Lastly, it is with some degree of warmth and pride that I look at the educational presentations at the Scientific Assembly. With attendance approaching 5,700, this is the largest gathering every year of emergency physicians in the world. With this rise in attendance has also come an unparalleled expansion of faculty. Having been part of the early years, and having now contributed for 30 years to ACEP’s educational programs, it is magnificent to watch the blossoming of the educational talent within the specialty. The quality of the lectures, English grammar excluded, has become superb. The variety of things available is seemingly endless and the stature of the faculty in the various academic communities around the country has grown tremendously. With all the various problems happening in medicine, health care and society in general, I believe that emergency physicians can look back on their growth as a profession as an educational venture over the last 30 years as a point of real pride.

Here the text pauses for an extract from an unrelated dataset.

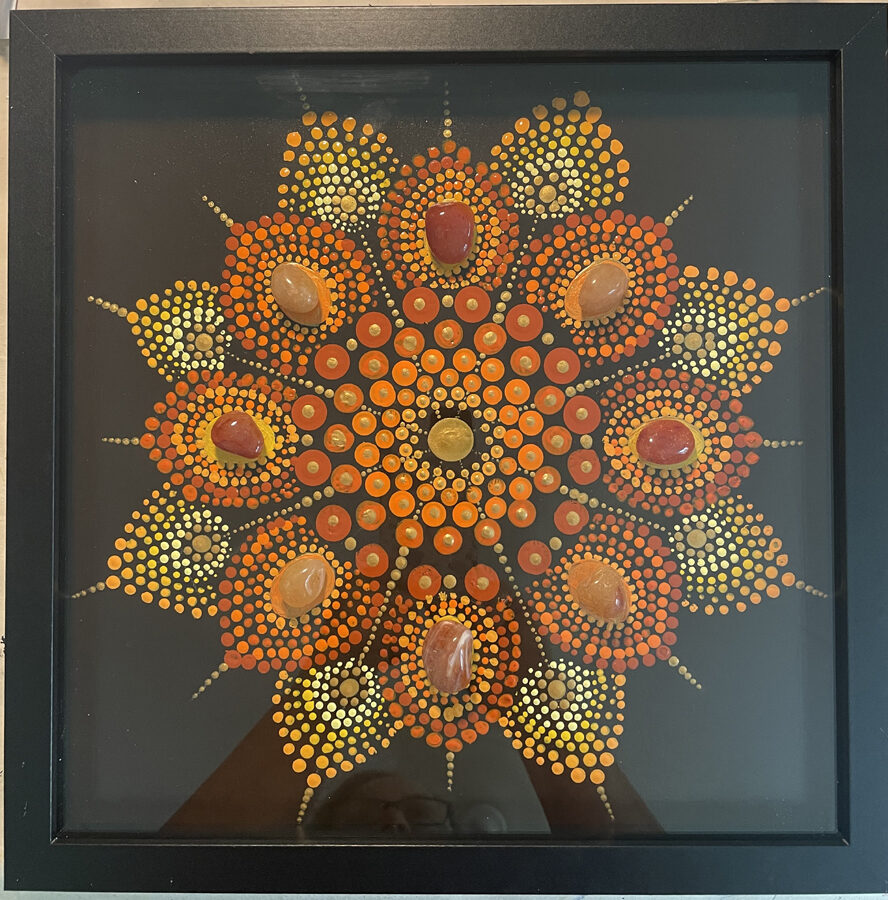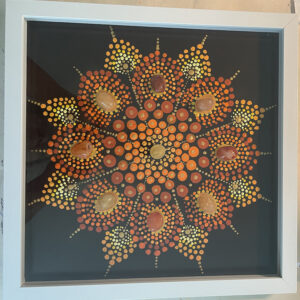This hand painted 12×12 inch “Inner Power” crystal dot mandala represents the power center in the Solar Plexus chakra (and Sacral chakra) of the radiating inner sun of golden energy that enhances your self-confidence, self-worth, and inner power. Crystals of Carnelian and Golden Healer Quartz add to its energetic power. Specify black or white shadowbox frame. $190.00

It is when I’m with my brother and sister emergency physicians that I can properly communicate. I can use a term such as “terminal fibromyalgia” and everything has been conveyed. It is always a pleasure to gather with my brothers and sisters who understand what we do for a living, who understand that we have more in common with police and firemen in our communities than we do with the ophthalmologist and the neurologist. To come together with folks that have no concept of warm pizza and no understanding of leaving on time is a joy, a pleasure and an honor. I understand that these are somewhat bizarre and rambling comments but it reflects the Scientific Assembly itself, which is the Broadway and the Barnum and Bailey Circus of emergency medicine.
Greg Henry, MD, is the founder and CEO of Medical Practice Risk Assessment, Inc. Dr. Henry is a past president of ACEP and directed an ED for 21 years.